JEP 138: Autoconf-Based Build System
Summary
Introduce autoconf (./configure
-style) build setup, refactor the Makefiles to remove recursion, and leverage JEP 139: Enhance javac to Improve Build Speed.
Goals
The top level goals that we are trying to achieve are:
- Increase build speed radically
- Simplify build-system source code (Makefiles, etc.)
- Simplify work for developers
- Get exact and reproducible build output
- Simplify build-machine configurations (JPRT, etc.)
We will address these goals by four sub-projects, which are more or less tightly intertwined.
- Update the Makefile structure
- Use autoconf (configure script)
- Add parallel Java compilation support
- Make Java builds incremental
We need to understand properly existing developer workflows so that we can minimize the impact of this change for everyone.
This project is part of a larger effort to improve the build infrastructure of the JDK. We expect this project to be closely followed by the future steps. The distinction between these steps is somewhat arbitrary, and is made only to quickly benefit from the first work done on improving the JDK build infrastructure.
Non-Goals
Since we will update the Makefiles with a new structure, several issues that we want to address in the future might turn out to work just by themselves as an effect of the update. However, we are not specifically addressing these issues during this project, and we will not test them nor make any guarantee that they will work properly. (We will, however, try to make sure that we don't break anything that works.) These issues include:
- Make it easy to port to new platforms
- Make it possible to do JDK development without a network connection
- Provide proper support for cross-compilation, including compilation of 32-bit binaries on 64-bit hosts
- Improve the handling of warnings
We will also not address issues that are scheduled for future steps. (However, some of this work will lay the ground for these future improvements.) These issues include:
- Speed up Hotspot compilation
- Upgrade compilers
- Support IDE projects
- Reconsider the source-drop mechanism
Success Metrics
Build simplicity
Given that all prerequisites are available, building should be accomplished by:
- Getting the source code from the Mercurial repositories
./configure
make
Build speed
Build speed depends on hardware factors, and improvements will vary. Our target is compiling on Linux on an 8-way machine. In this case, the time spent building the JDK after our improvements should be at most 33% of the current time. (Typically this means going from ~15 minutes to ~5 minutes, or less). A stretch goal is that build time should be at most 20% (~3 minutes) for the JDK.
Note that this is just for the JDK. It does not include building Hotspot, nor creating Javadoc.
Makefile cleanup
All small (<3 kB) recursive Makefiles in the JDK (not including Hotspot) should be removed, and the functionality collected into central Makefiles. (A small number of Makefiles is not in itself a goal, however, having the code in one (or a few) places helps with overview and understanding.)
Motivation
Building the complete JDK is unnecessarily slow. This puts an extra burden on developers and build systems. As a result, developers check out and build just a part of the source code, since the product as a whole takes too long to build.

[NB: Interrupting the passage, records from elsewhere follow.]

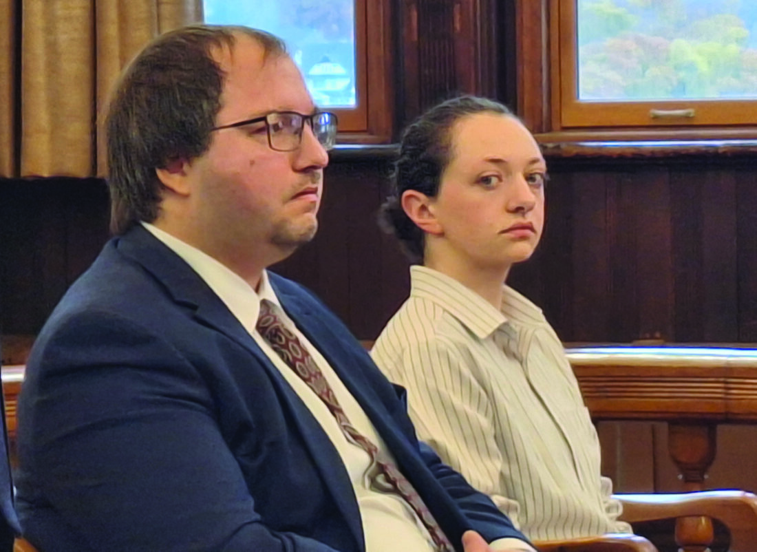 Ben Grabacz/Daily Mining Gazette Avery Lawrence (right) sits besides her attorney, Joshua Makkonen as she was sentenced to 12 months probation and 15 days of community service for stealing 900 small American flags from the Young Americans for Freedom's 9/11 memorial at Michigan Tech.
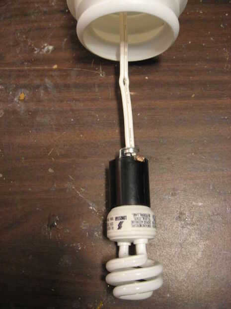Cable de la lámpara a través del émbolo del hilo de rosca. cable de la lámpara tiene un alambre liso que debe conectar al tornillo oro Zócalo y otro cable conecta con el otro tornillo. Le puse pegamento caliente sobre los tornillos para no conseguir socked más adelante. Enrosque el foco CFL en.
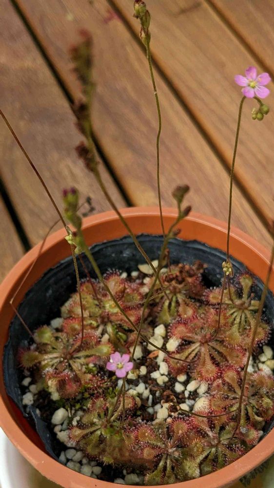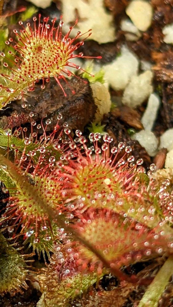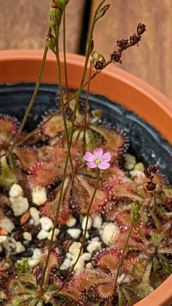 モウセンゴケは虫媒花なので可愛らしいお花に引き寄せられて やってきた虫が葉にひと休み…と思ったらくっついちゃった🪰💦みたいな感じでしょうか…😅😂
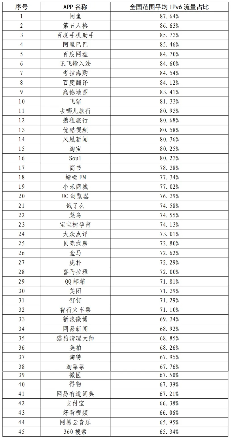 截至2021年10月,納入監(jiān)測范圍的200款A(yù)PP均支持IPv6訪問,IPv6流量平均占比達(dá)39.77%,其中已有45款A(yù)PP的IPv6流量占比超過65%,名單如下:
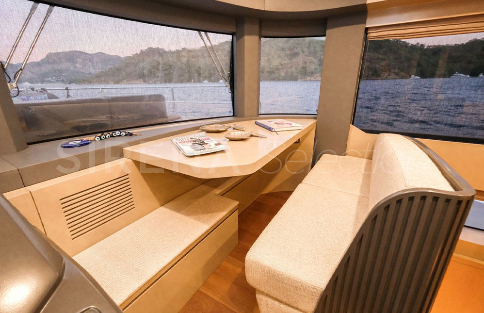 - Flybridge iskele baş oturma grubu için manuel iner-kalkar masa (güneşlenme alanına dönüştürülebilir)
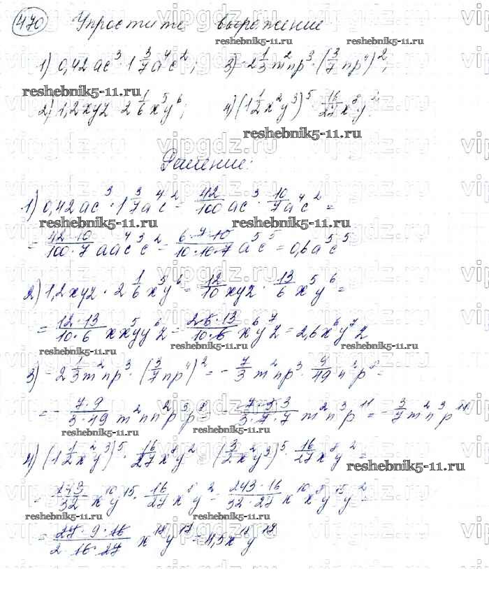 Готовая домашняя работа с ответами по Алгебре за 7 класс Мерзляк, Полонский, Якир Учебник Алгоритм успеха Базовый уровень Вентана-граф 2016 ФГОС - Упражнения 470
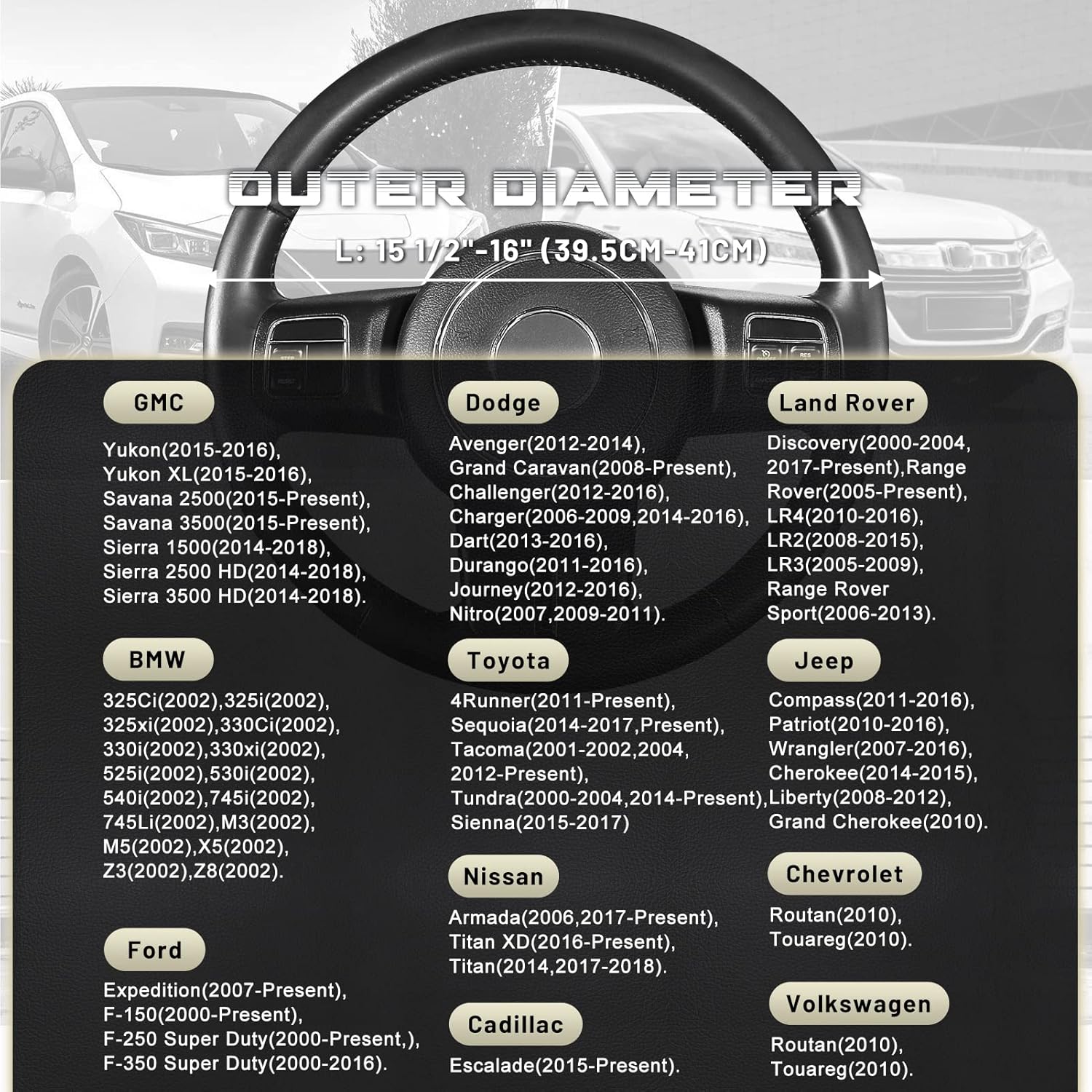 - READY TO INSTALL: Warm up the steering cover, and slip it on your steering wheel. Installation is fairly easy, any adult can install this steering wheel cover. Suitable for large size steering wheels with outer diameter of 15 1/2-16 inches, please carefully measure the size of your steering wheel before purchasing.

The current implementation of the build system, with more than 350 minimal, recursive Makefiles scattered all around the product, makes it hard to make changes to the build system. The current solution also sometimes requires updating Makefiles just to add new source files or directories; this should not be needed.
Today the build system is configured by using several environment variables. This is in contrast to the popular method of using ./configure
to set up the build system. Apart from familiarity, this has several benefits over environment variables. Arguments to configure are checked -- a misspelled argument results in an error, whereas a misspelled environment variable is just ignored. ./configure --help
shows a list of available arguments, whereas it is almost impossible to get a comprehensive list of all environment variables that affect the current build system.
Description
These changes will not result in any changes in the built product; they only affect the internal development process.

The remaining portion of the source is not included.